The Securities and Exchange Commission prosecutes over 50 cases of Insider Trading each year, with many being settled administratively out of court. The SEC and several stock exchanges actively monitor trading and can refer serious matters to the U.S. Attorney's Office for further investigation and prosecution.


US insider trading prohibitions are based on English and American common law prohibitions against fraud: as early as 1909 the United States Supreme Court ruled that a corporate director who bought company stock knowing it was about to jump in price committed fraud by not disclosing his inside information.

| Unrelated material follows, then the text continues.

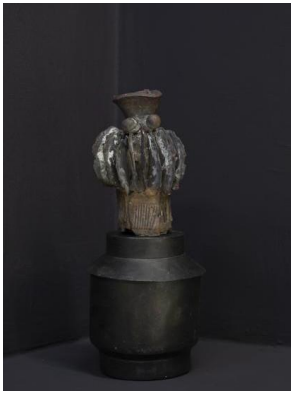
Paulina Nolte, Zola, 2021, bronze casting, polished, unique, ca. 18x 14

The Securities Exchange Act of 1934 was enacted after the stock market crash of 1929 to prohibit short-swing profits (from any purchases and sales within any six-month period) made by corporate directors, officers, or stockholders and to prohibit fraud related to securities trading. The Insider Trading Sanctions Act of 1984 and the Insider Trading and Securities Fraud Enforcement Act of 1988 provide for penalties as high as three times the profit gained or the loss avoided from the illegal trading.